На берегах Невы - Одоевцева Ирина Владимировна (книга жизни TXT) 📗
Как-то Сологуб сказал Гумилеву:
– Вот часто удивляются, как я мог создать Передонова. Какая жуткая, извращенная фантазия. А я его, видите ли, большей частью с себя списывал. Да, да, очень многое. И даже «недотыкомку». То есть она, наверно, появилась бы, материализовалась, если бы не было стихов как отдушины. Впрочем, и с поэзией надо осторожно, тоже многих к гибели приводит. А мне вот помогает... Вы меня поймете, Николай Степанович, вам самому поэзия мать, а не мачеха. Оберегает вас, помогает вам. А вот Блока ведет к гибели. И не его одного. Надо быть очень сильным, чтобы суметь справиться с поэзией, не дать ей проглотить себя. «В мерный круг твой бег направлю укороченной уздой», – мне всегда кажется, что это Пушкин о поэзии. Он-то умел с ней справиться. А Лермонтов – нет, не мог. Оттого и погиб.

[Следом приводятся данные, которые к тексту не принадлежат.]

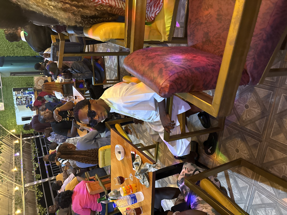 A gathering of people in a brightly lit outdoor or indoor space with many chairs, likely a restaurant or bar. Some people are seated around tables with drinks, while others are standing or sitting in adjacent rows. In the foreground, a man wearing sunglasses and a white outfit sits at a table with water bottles and glasses. Overhead, a tent-like structure and the tops of taller chairs are visible. The floor has a geometric pattern.
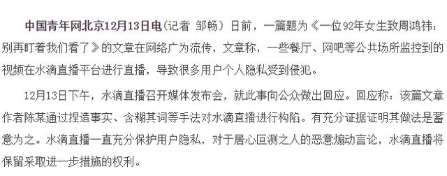 在事件发生之后,360的反应速度还是不错的,迅速召开了一场媒体发布会,就此事向公众作出回应。周鸿祎在发布会现场现身,对摄像头的赠送情况作出了解释,同时也演示了如何将摄像机内容水滴直播平台的过程。就发布会上的演示看,用户的确无法轻易将内容水滴直播上,加上水滴直播发言人张西胜的澄清,这场危机公关也达到了一定的目的。
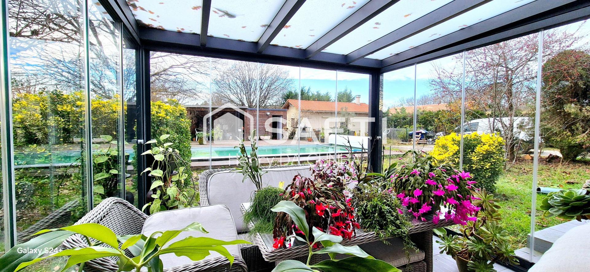 À l’extérieur, environnement soigné avec piscine au sel 8x4, local technique, pool house et portail électrique neuf.
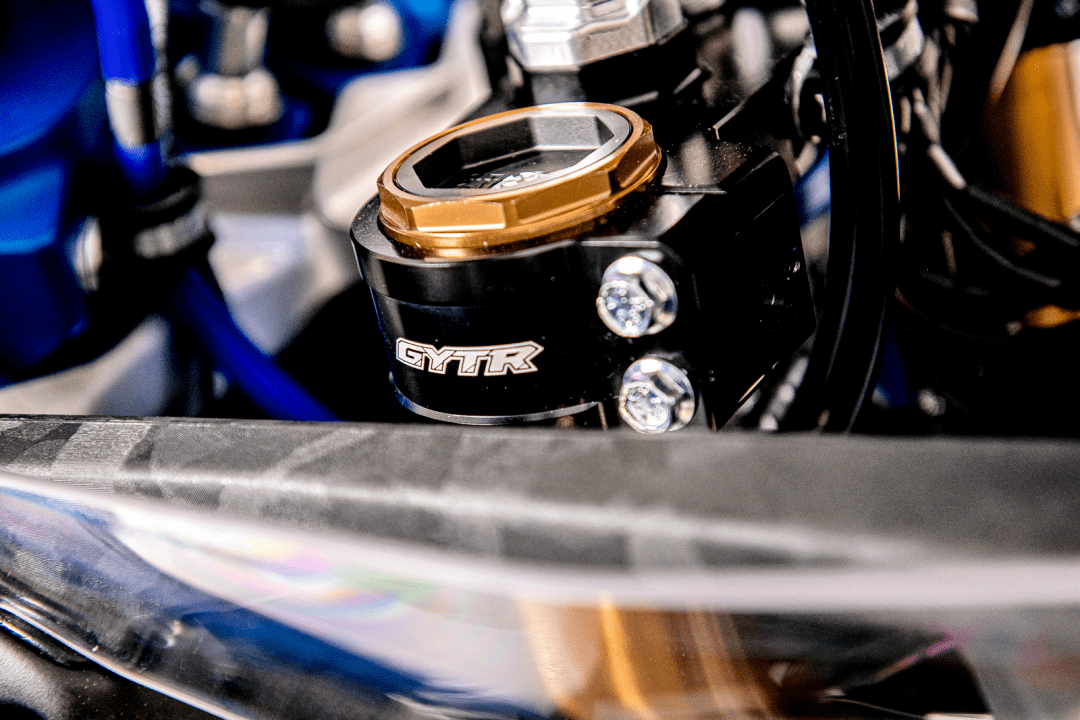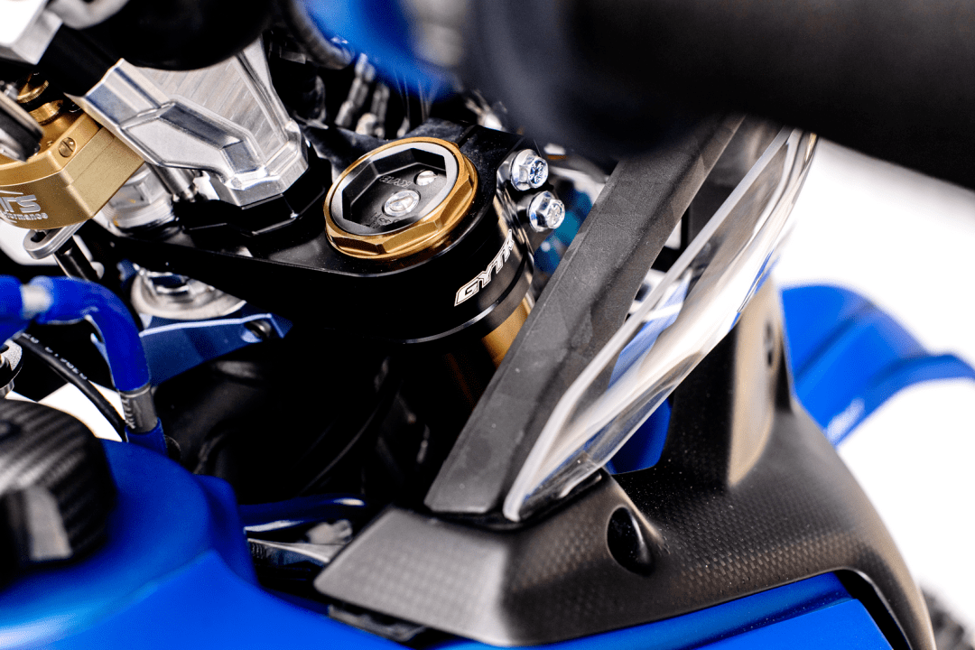 3、叉芯口徑為 48 mm 的 KYB 前叉,CNC 加工而成的上下三星(前叉三角臺),提高更好的剛性;
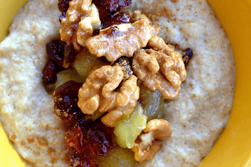 Овсяная каша с яблоком, клюквой и грецким орехом
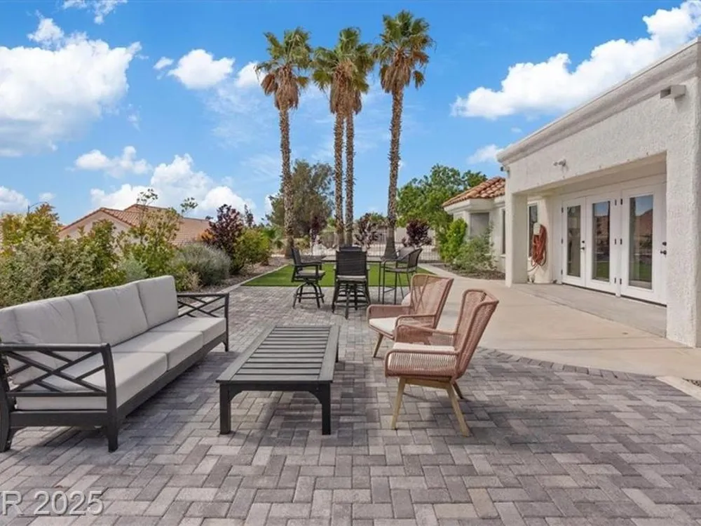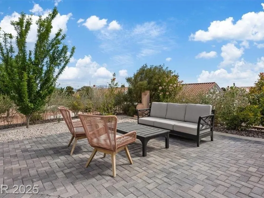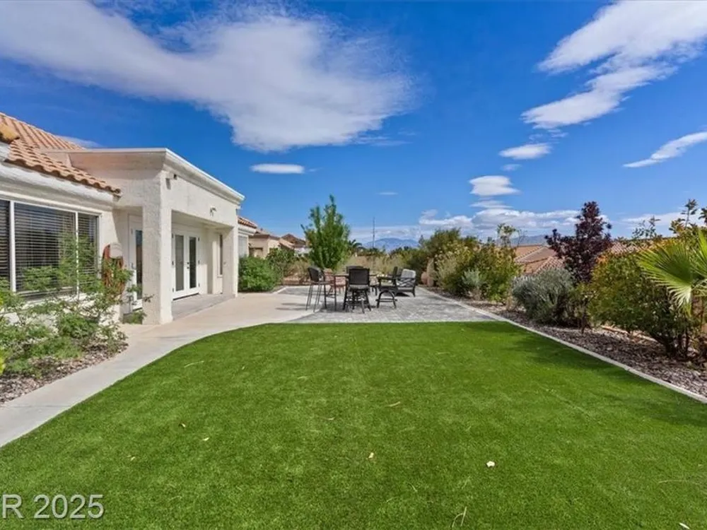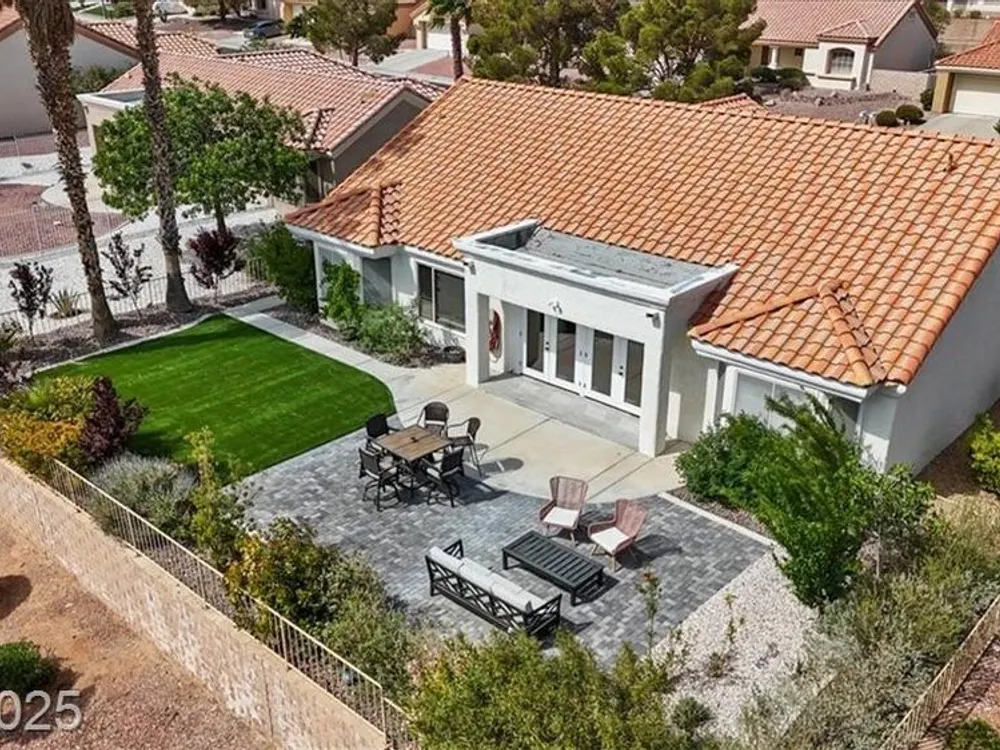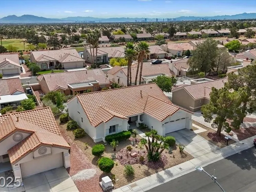 Welcome to this beautifully upgraded single-story home in the heart of Sun City Summerlin! This 2-bedroom, 2-bathroom gem features an open floor plan that’s perfect for entertaining. The spacious kitchen boasts an oversized island, stainless steel appliances, and plenty of cabinet space—ideal for any home chef. Enjoy cozy evenings by the fireplace in the inviting family room. You'll love the upgraded flooring throughout, as well as the modern finishes in both bathrooms. The large backyard is a private oasis with stylish pavers and room to relax or entertain. Plus, a 2-car garage adds convenience and extra storage. All located in the vibrant 55+ community of Sun City Summerlin with top-notch amenities including golf, pools, fitness centers, and more!

Гумилев, хотя он совсем не был согласен, слушал не перебивая, не споря. Перебьешь – насупится и замолчит. Надо ждать, пока Сологуб сам задаст вопрос. А Сологуб продолжает отчеканивать:
– Вот еще меня упрекают в жестокости. Будто «Мелкий бес» жестокая книга. Но ведь без капельки жестокости не бывает великих произведений. Это, как вы знаете, Николай Степанович, еще Лопе де Вега сказал. И как это правильно. Капелька жестокости необходима. Без нее, как без соли, – пресно.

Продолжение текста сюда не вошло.